Beneath this task are the entries; from the line with "緑の中で飲むコーヒーや紅茶って何でこんな美味しいんだろ〜" through the last one, transcribe every line exactly and nothing else, skipping pictures.

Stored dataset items
-=-=-
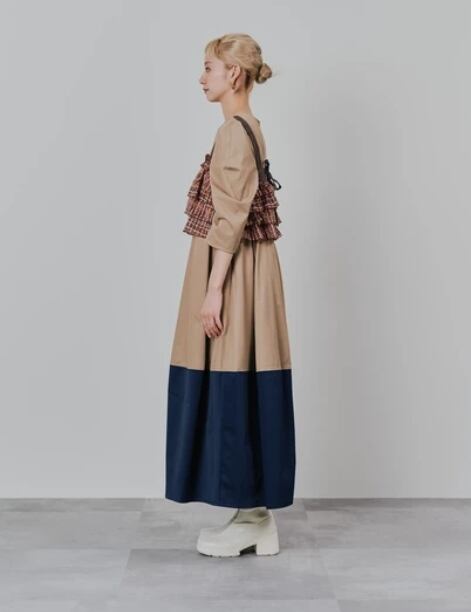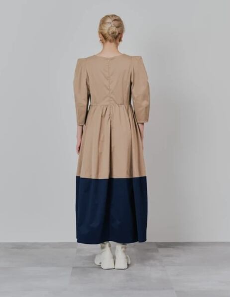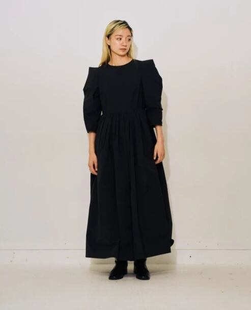 タフタの記憶する生地を活かしたショルダータックがポイント。ウエストで切り替えたギャザースカートが綺麗なシルエットを生み出します。
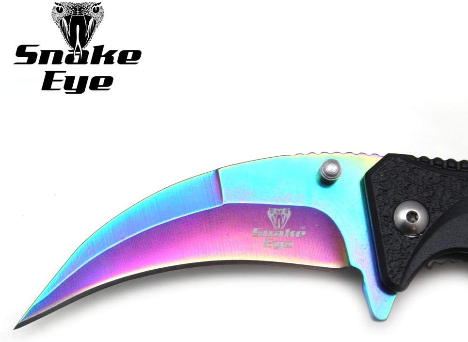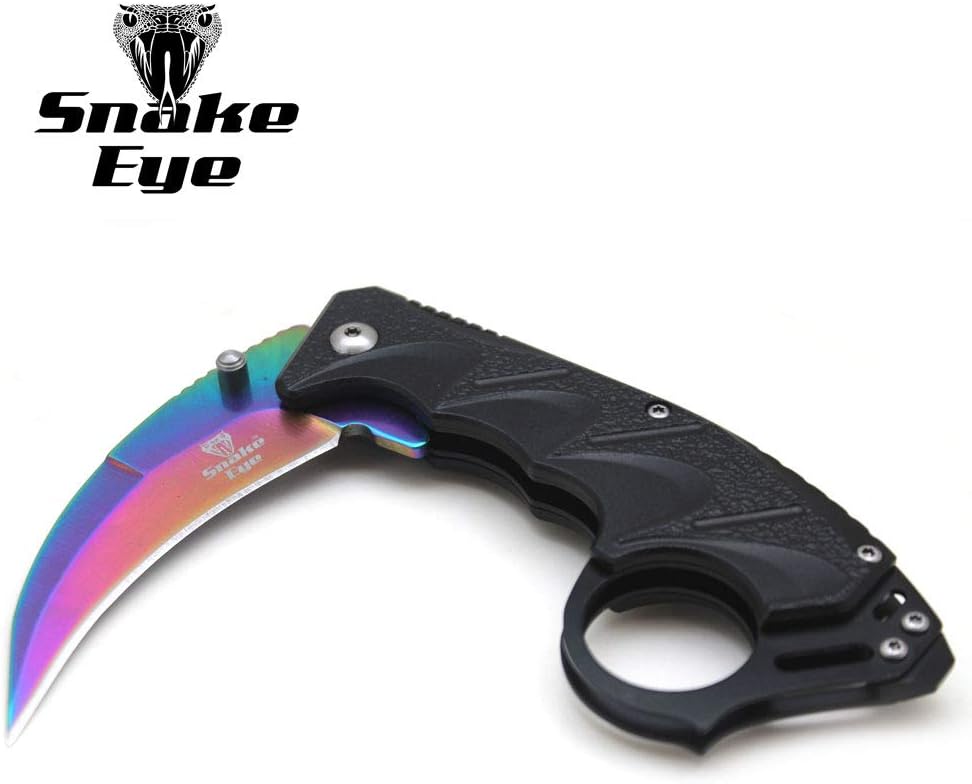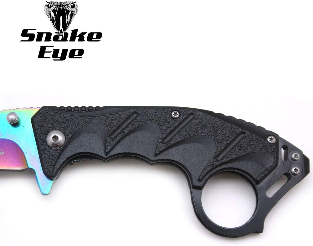 The Snake Eye Tactical Folding Pocket Knife features a 3.85” alloy steel blade with a rainbow aluminum handle for a secure grip. Lightweight and compact, it includes a flip function and pocket clip for easy EDC. Perfect for camping, hunting, outdoor adventures, and everyday carry.
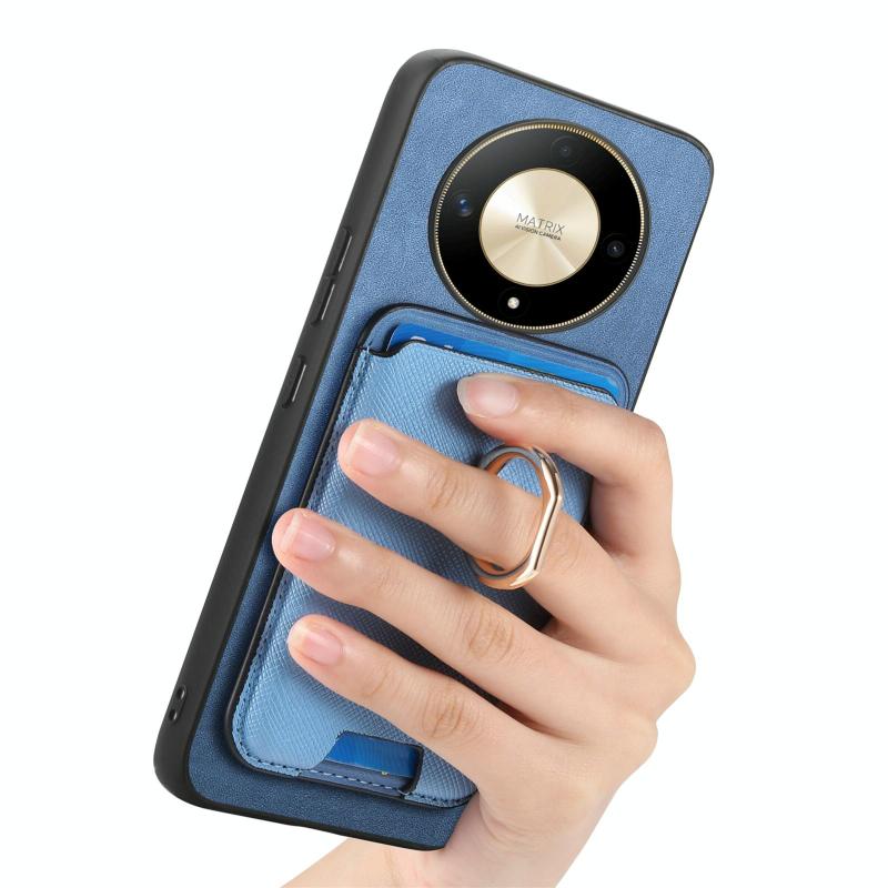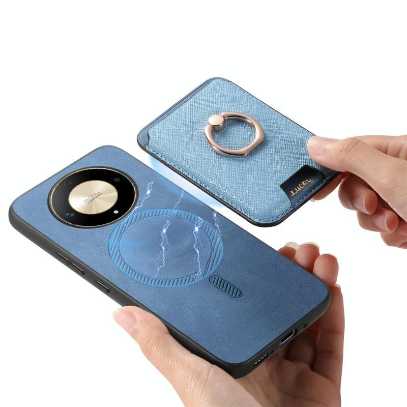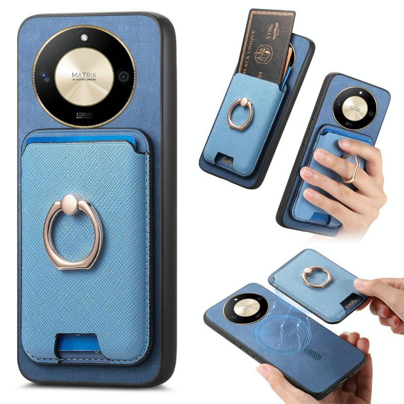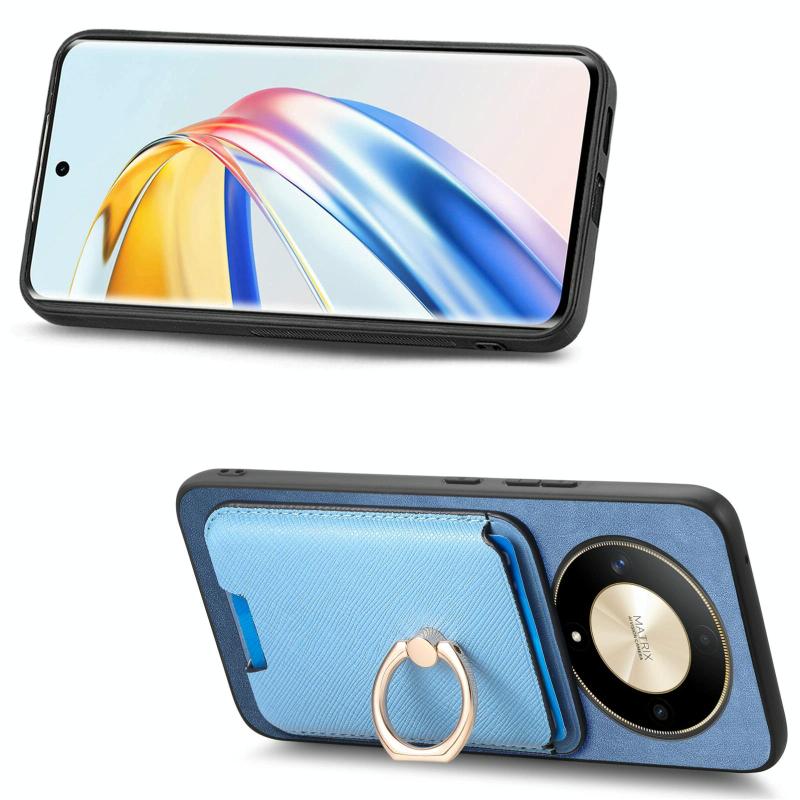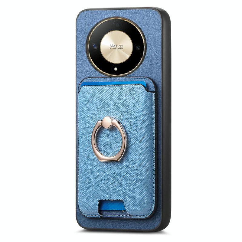 Θήκη Honor X50 Retro Cross Leather με Δαχτυλίδι & Κάρτες MagSafe (Μπλε)
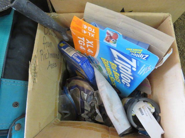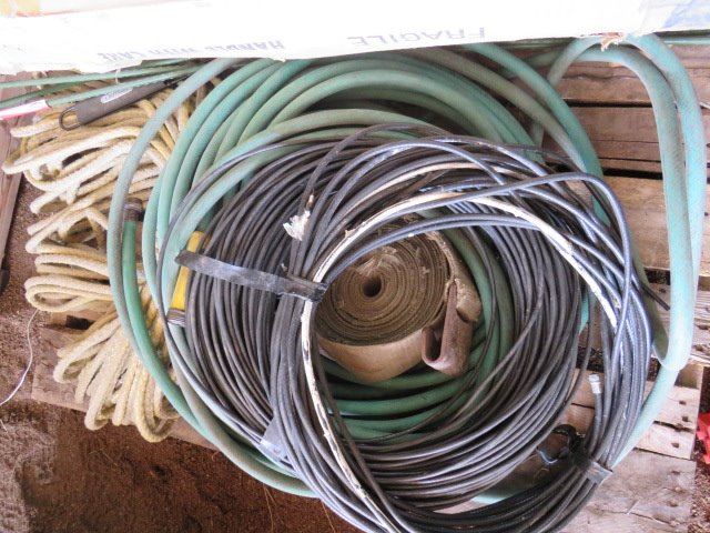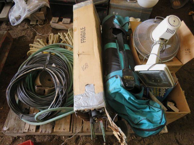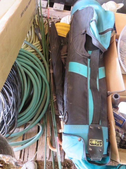 LOT OF MISC BUILDING SUPPLIES ( ROPE, HOSE, WIRE, PIPE INSULATERS, FAN, BOX OF PAINT, GOLF BAG)
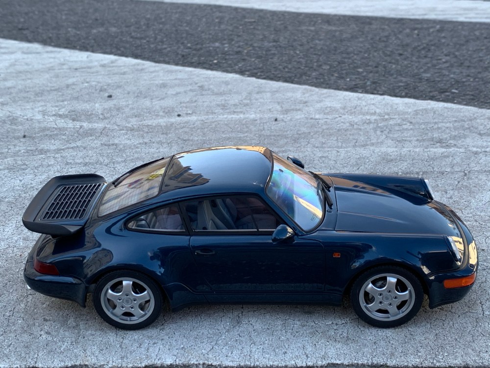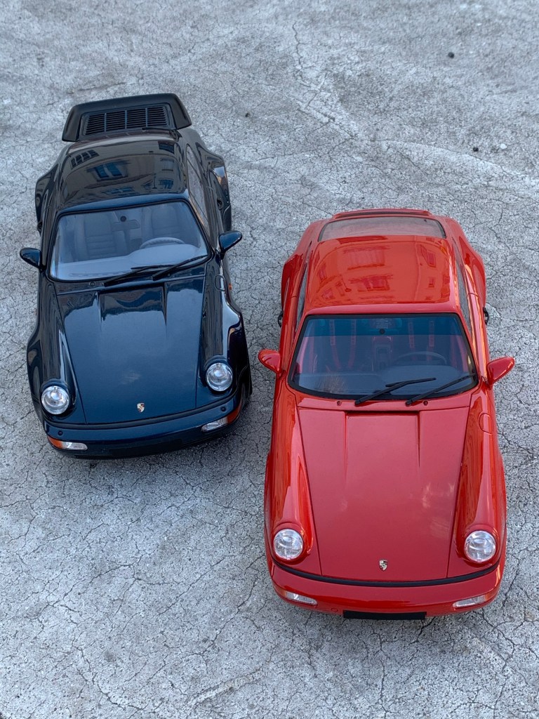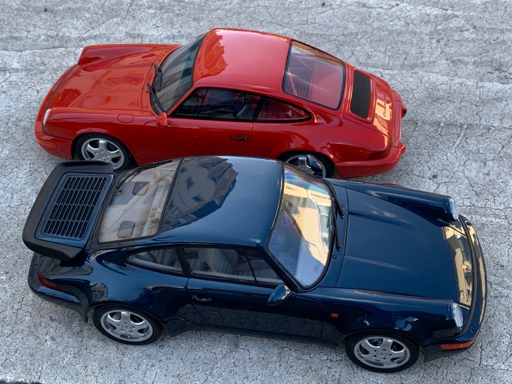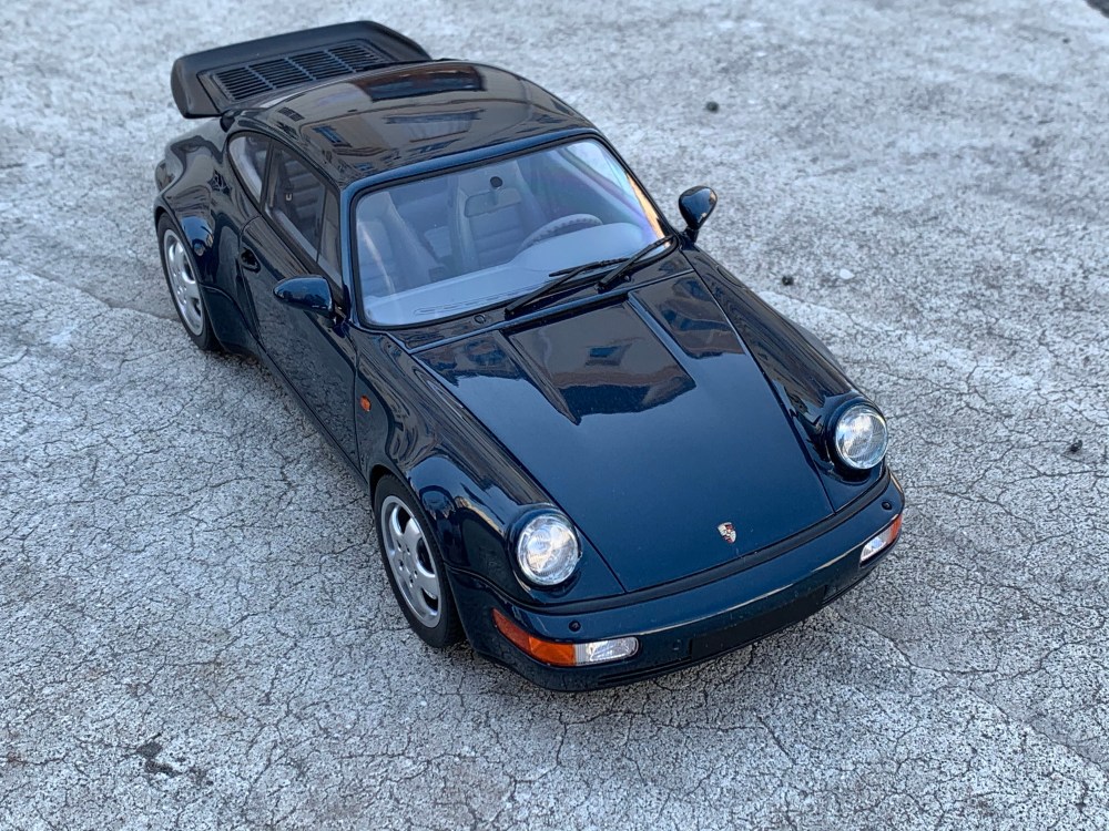 Pourtant malgré ses nombreuses qualités, la 964 Turbo 3.3l est rapidement éclipsée par la version 3.6l présentée deux ans plus tard. Il en est de même en miniature et jusqu’à ce jour, en dehors de Minichamps et de Welly, cette 911 n’avait pas été reproduite à l’échelle du 1/18ème. Après avoir reproduit la 964 Turbo 3.6l au 1/18ème et au 1/12ème, GT Spirit s’attaque maintenant – et de fort belle façon – à la 3.3l.
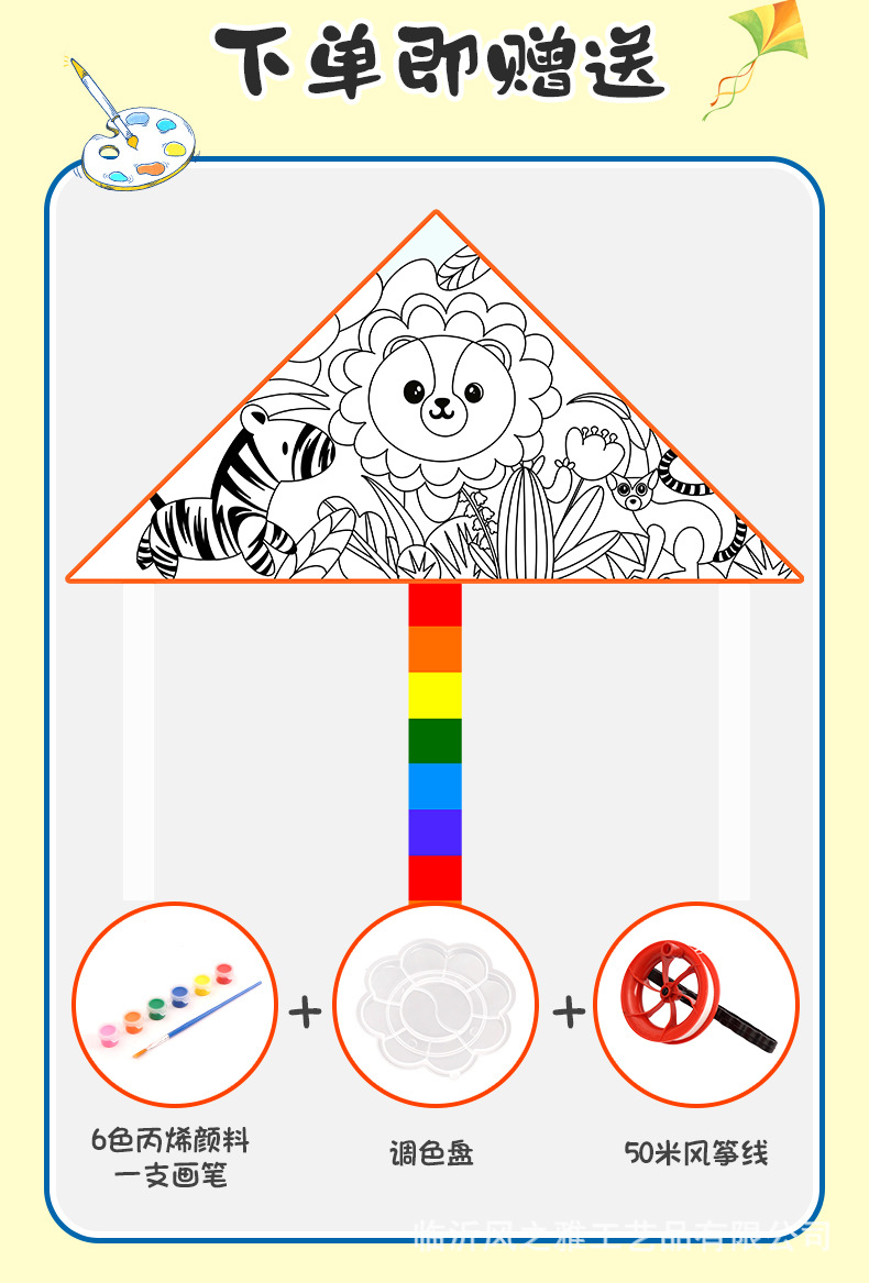 // 1 m coloring lion +6 color paint + pen +60 m thick thread board + palette + reference drawing
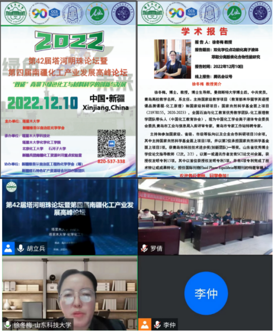 2022年12月10-12日,“第42届塔和明珠论坛暨第4届南疆化工产品发展论坛”在新疆塔里木大学成功举办。会议的主题为“双碳”背景下绿色化工与材料科学的创新与发展。中国化工学会离子液体专业委员会委员、公司徐冬梅教授应邀作了题为“双化学位点功能化离子液体萃取分离酚类化合物的研究”的大会报告,分享了离子液体萃取分离煤热解油中酚类化合物领域所做出的前瞻性研究和成果。此次年会由新疆维吾尔自治区化学学会和塔里木大学主办,由塔里木大学、北京化工大学、石河子大学和新疆兵团南疆化工资源利用工程实验室联合承办。
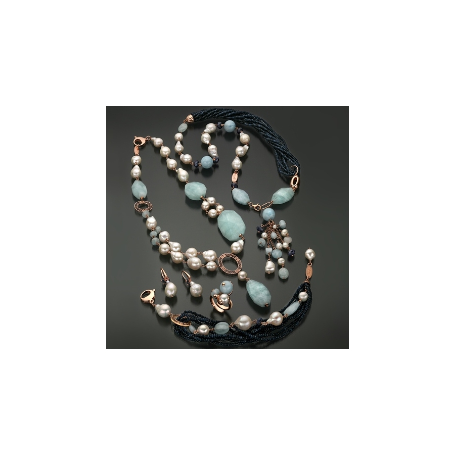 cod: p176 - Parure agata blu zaffiro, acquamarina, Perle coltivate
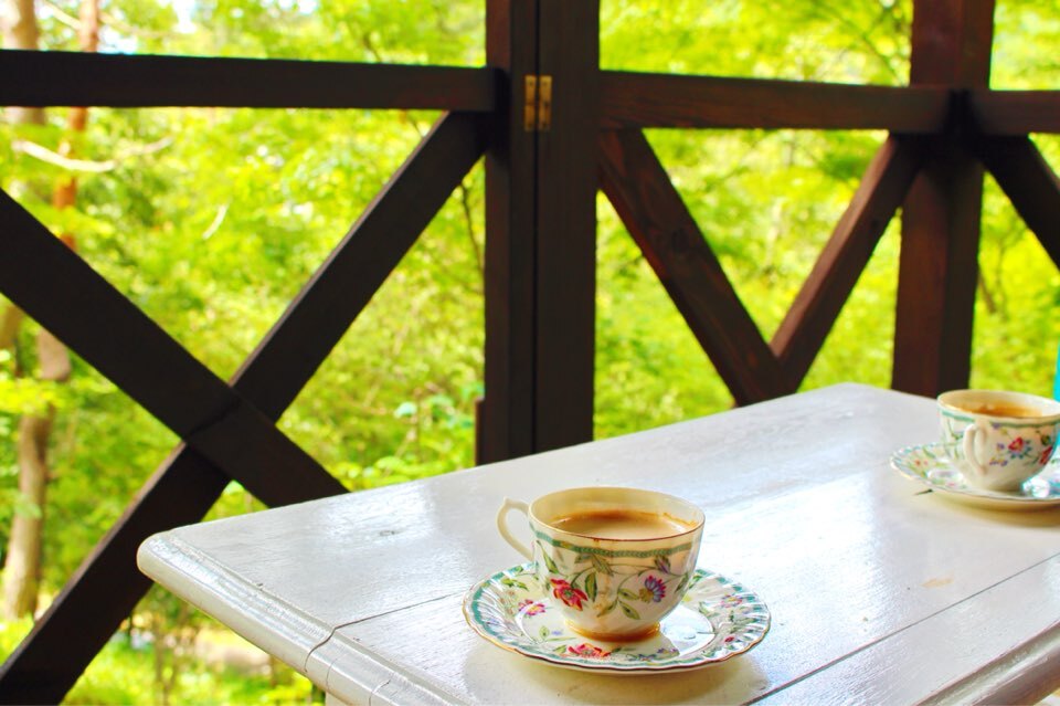 緑の中で飲むコーヒーや紅茶って何でこんな美味しいんだろ〜
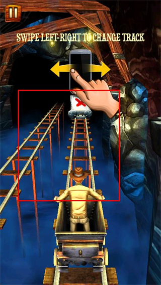 3、遇到上方障碍时,向下滑动屏幕,让矿车俯身躲避障碍。
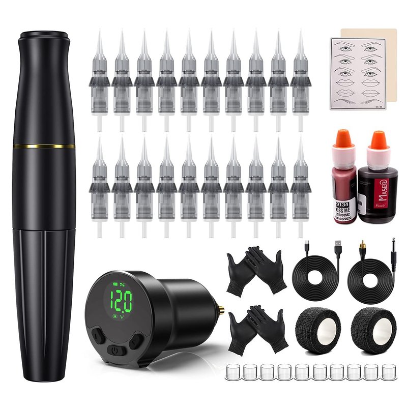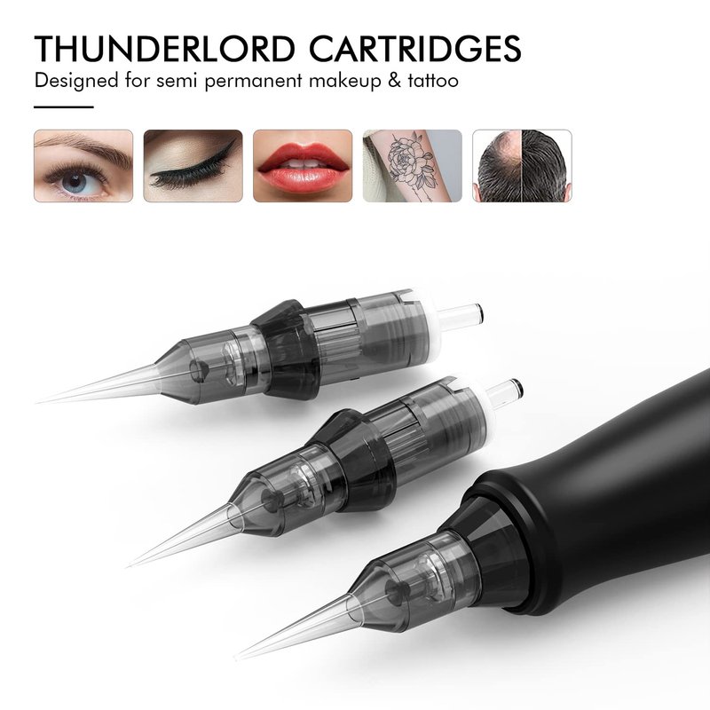 - 【WHAT WILL YOU GET】This permanent makeup tattoo machine kit comes with rotary permanent makeup tattoo pen, 20pcs Thunder lord cartridge needles Designed for MICROBLADING and TATTOOING, 2 gloves, 2 practice skin and 2 bottle of permanent makeup tattoo ink.
-=-=-
## RESULT OF THE TASK
 緑の中で飲むコーヒーや紅茶って何でこんな美味しいんだろ〜
 3、遇到上方障碍时,向下滑动屏幕,让矿车俯身躲避障碍。
 - 【WHAT WILL YOU GET】This permanent makeup tattoo machine kit comes with rotary permanent makeup tattoo pen, 20pcs Thunder lord cartridge needles Designed for MICROBLADING and TATTOOING, 2 gloves, 2 practice skin and 2 bottle of permanent makeup tattoo ink.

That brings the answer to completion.